Quote the records in full and leave their pictures out.

• RECORDED DATA:

* * * * * * * * *

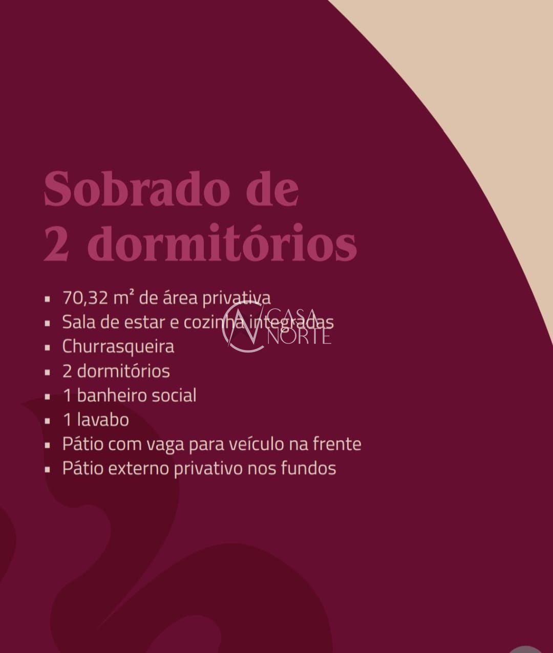 Sobrado de 02 dormitórios com 70,31m² de área privativa
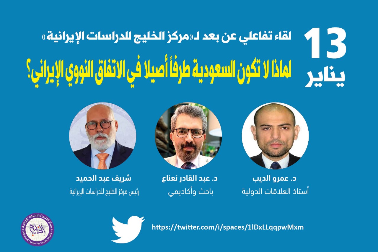 عقد "منتدى الخليج" التابع لمركز الخليج للدراسات الإيرانية مساء اليوم الخميس 13/1/2022 ندوة افتراضية بعنوان: لماذا لا تكون السعودية طرفًا أصيلًا في الاتفاق النووي الإيراني؟
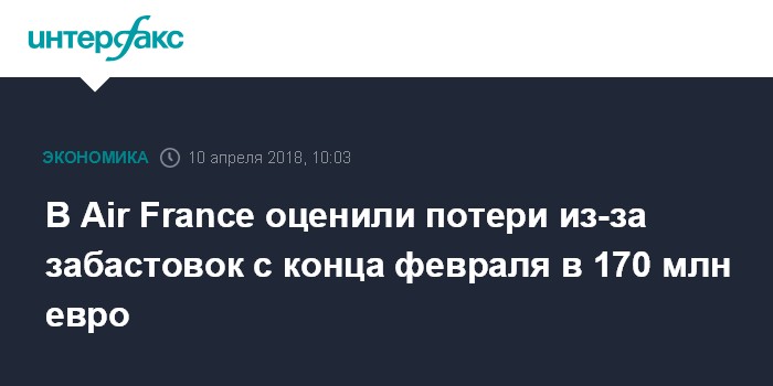 "Отрицательное воздействие на финансовые результаты деятельности Air France за семь дней забастовок в течение периода с 22 февраля по 11 апреля оценивается в 170 млн евро", - говорится в коммюнике авиакомпании.
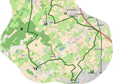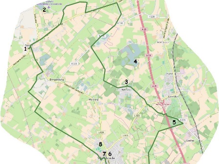 Wir starten im Norden in der Ortschaft Spohle wo wir uns erstmal für die für die 53 km lange Rundreise im Melkhus Osterloh, Petersfelder Str. 7 (1) stärken wollen. Mit frischen Kräften verlassen wir den Ort in Richtung Jaderberg und können nun nach Lust und Laune noch einen kleinen Abstecher zum Conneforder Bernsteinsee machen (2). Unsere Route aber führt uns weiter auf der Wiefelsteder, Wapeldorfer, Hullenhauser um dann rechts abzubiegen auf die Rosenberger Straße zurück auf die Wapeldorfer Straße. Weiter Richtung Jaderberg biegen wir rechts in die Achterdörper Straße, befahren den Consensweg zur Dringenburger/Bekhauser Straße, vorbei am Seepark Lehe, dann links in den Leher Damm abbiegen. Nach ca. 2 km biegen wir links in die Kreyenstraße, besuchen in Nethen kurz unsere Nachbargemeinde Rastede, wo wir beim Bioland Bauern Kreye (3) noch Gemüse für den nächsten Tag einkaufen können. Wenn man dann die nächste Straße links abbiegt, kommt man zum Beachclub (4), wo man sich im schön angelegten Badesee etwas erfrischen oder auf der Wasserski-Anlage ein paar Runden drehen kann. Wir folgen weiter unserer Route, überqueren die Wiefelstede Straße und radeln weiter auf dem Nethener Kirchweg um nach einer kurzen Strecke links unter die Autobahn hindurch und gleich wieder rechts ab zum Golfplatz (5) zu fahren. Wenn wir die Wemkenstraße erreicht haben, befahren wir diese bis Nuttel, kreuzen die Rasteder Straße und fahren weiter auf dem Nutteler Weg, Gerkentorsweg links ab und folgen bis Bokel. Dort kann man dann einen kleinen Schlenker zur Bokeler Mühle (10) machen, wo man viele kunsthandwerkliche Dinge für Haus und Garten kaufen kann. Auf dem Alten Mühlenweg führt uns unsere Tour nach Bokelerburg, wo man sich noch einige übriggebliebene Erdwälle der ehemaligen Ringwallanlage (11) ansehen kann. In Bokelerburg fahren wir weiter auf der Metjendorfer Straße in südlicher Richtung, biegen dann links in die Schoolstraat ein, überqueren den Borbecker Weg, befahren die Hakenstraße bis Metjendorfer Straße, dann links und gleich wieder rechts in den Heidkamper Weg. Wenn man den Heidkamperfelder Weg erreicht hat biegt man links ab, fährt bis zur Pohlstraße, dann rechts. Von hier aus hat man die Möglichkeit einen Abstecher zur Begegnungstätte Heinrich-Kunst-Haus (13), Sandweg 22, zu machen.
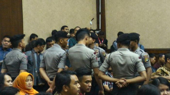 Di dalam ruang sidang, kurang lebih berkisar seratus orang memenuhi ruangan.
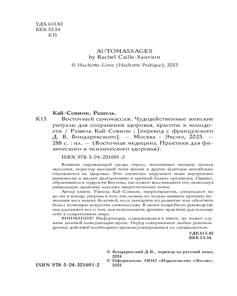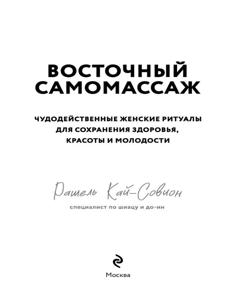Серия: Восточная медицина. Практики для физического и психического здоровья Зачем нужна книга о самомассаже, написанная специально для женщин? В своей уникальной книге специалист по шиацу и до-ин Рашель Кай объединила достижения и научные знания Запада с сакральными практиками Востока. Она создала самое полное руководство по самомассажу энергетических точек, где собрала более 50 техник, помогающих избавиться от различных проблем (головных болей, усталости, высокого давления, опущения органов малого таза и др.). Благодаря ее книге вы узнаете, как начать жить без болей, усталости, депрессии и чувствовать легкость в любом возрасте: |
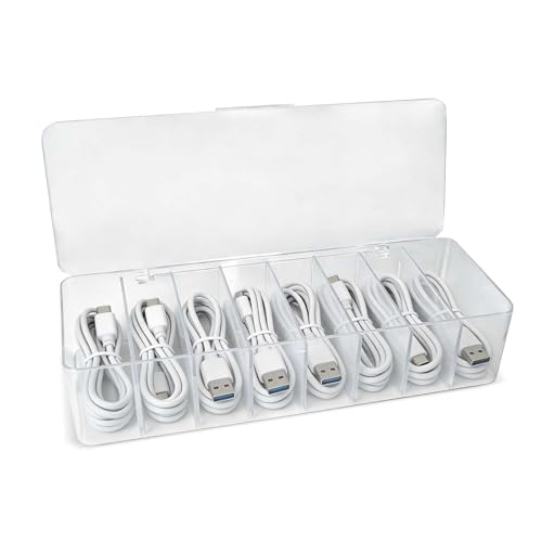 Boîte Cache Câble, Organisateur de Câbles Transparentes, avec 8 Compartiments, Organisateur Pratique pour Le Tri, Range Bureau, Protection Pratique des Câbles et Enroulement de Câble
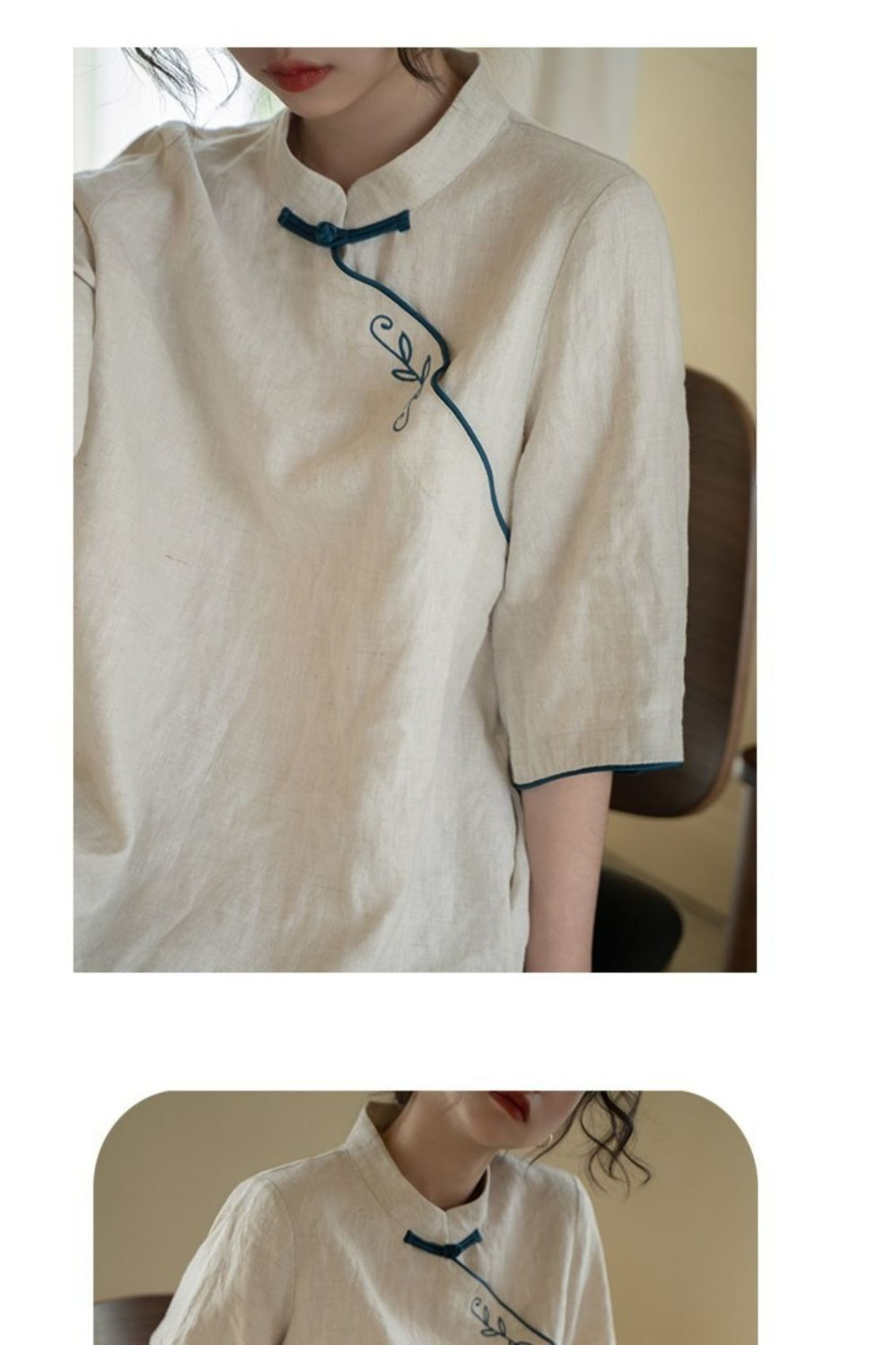 2025新款民族风宽松立领盘扣棉麻女装上衣T恤女重工刺绣连衣裙夏

* * * * * * * * *

• REPLY:
 Sobrado de 02 dormitórios com 70,31m² de área privativa
 عقد "منتدى الخليج" التابع لمركز الخليج للدراسات الإيرانية مساء اليوم الخميس 13/1/2022 ندوة افتراضية بعنوان: لماذا لا تكون السعودية طرفًا أصيلًا في الاتفاق النووي الإيراني؟
 "Отрицательное воздействие на финансовые результаты деятельности Air France за семь дней забастовок в течение периода с 22 февраля по 11 апреля оценивается в 170 млн евро", - говорится в коммюнике авиакомпании.
 Wir starten im Norden in der Ortschaft Spohle wo wir uns erstmal für die für die 53 km lange Rundreise im Melkhus Osterloh, Petersfelder Str. 7 (1) stärken wollen. Mit frischen Kräften verlassen wir den Ort in Richtung Jaderberg und können nun nach Lust und Laune noch einen kleinen Abstecher zum Conneforder Bernsteinsee machen (2). Unsere Route aber führt uns weiter auf der Wiefelsteder, Wapeldorfer, Hullenhauser um dann rechts abzubiegen auf die Rosenberger Straße zurück auf die Wapeldorfer Straße. Weiter Richtung Jaderberg biegen wir rechts in die Achterdörper Straße, befahren den Consensweg zur Dringenburger/Bekhauser Straße, vorbei am Seepark Lehe, dann links in den Leher Damm abbiegen. Nach ca. 2 km biegen wir links in die Kreyenstraße, besuchen in Nethen kurz unsere Nachbargemeinde Rastede, wo wir beim Bioland Bauern Kreye (3) noch Gemüse für den nächsten Tag einkaufen können. Wenn man dann die nächste Straße links abbiegt, kommt man zum Beachclub (4), wo man sich im schön angelegten Badesee etwas erfrischen oder auf der Wasserski-Anlage ein paar Runden drehen kann. Wir folgen weiter unserer Route, überqueren die Wiefelstede Straße und radeln weiter auf dem Nethener Kirchweg um nach einer kurzen Strecke links unter die Autobahn hindurch und gleich wieder rechts ab zum Golfplatz (5) zu fahren. Wenn wir die Wemkenstraße erreicht haben, befahren wir diese bis Nuttel, kreuzen die Rasteder Straße und fahren weiter auf dem Nutteler Weg, Gerkentorsweg links ab und folgen bis Bokel. Dort kann man dann einen kleinen Schlenker zur Bokeler Mühle (10) machen, wo man viele kunsthandwerkliche Dinge für Haus und Garten kaufen kann. Auf dem Alten Mühlenweg führt uns unsere Tour nach Bokelerburg, wo man sich noch einige übriggebliebene Erdwälle der ehemaligen Ringwallanlage (11) ansehen kann. In Bokelerburg fahren wir weiter auf der Metjendorfer Straße in südlicher Richtung, biegen dann links in die Schoolstraat ein, überqueren den Borbecker Weg, befahren die Hakenstraße bis Metjendorfer Straße, dann links und gleich wieder rechts in den Heidkamper Weg. Wenn man den Heidkamperfelder Weg erreicht hat biegt man links ab, fährt bis zur Pohlstraße, dann rechts. Von hier aus hat man die Möglichkeit einen Abstecher zur Begegnungstätte Heinrich-Kunst-Haus (13), Sandweg 22, zu machen.
 Di dalam ruang sidang, kurang lebih berkisar seratus orang memenuhi ruangan.
Серия: Восточная медицина. Практики для физического и психического здоровья Зачем нужна книга о самомассаже, написанная специально для женщин? В своей уникальной книге специалист по шиацу и до-ин Рашель Кай объединила достижения и научные знания Запада с сакральными практиками Востока. Она создала самое полное руководство по самомассажу энергетических точек, где собрала более 50 техник, помогающих избавиться от различных проблем (головных болей, усталости, высокого давления, опущения органов малого таза и др.). Благодаря ее книге вы узнаете, как начать жить без болей, усталости, депрессии и чувствовать легкость в любом возрасте: |
 Boîte Cache Câble, Organisateur de Câbles Transparentes, avec 8 Compartiments, Organisateur Pratique pour Le Tri, Range Bureau, Protection Pratique des Câbles et Enroulement de Câble
 2025新款民族风宽松立领盘扣棉麻女装上衣T恤女重工刺绣连衣裙夏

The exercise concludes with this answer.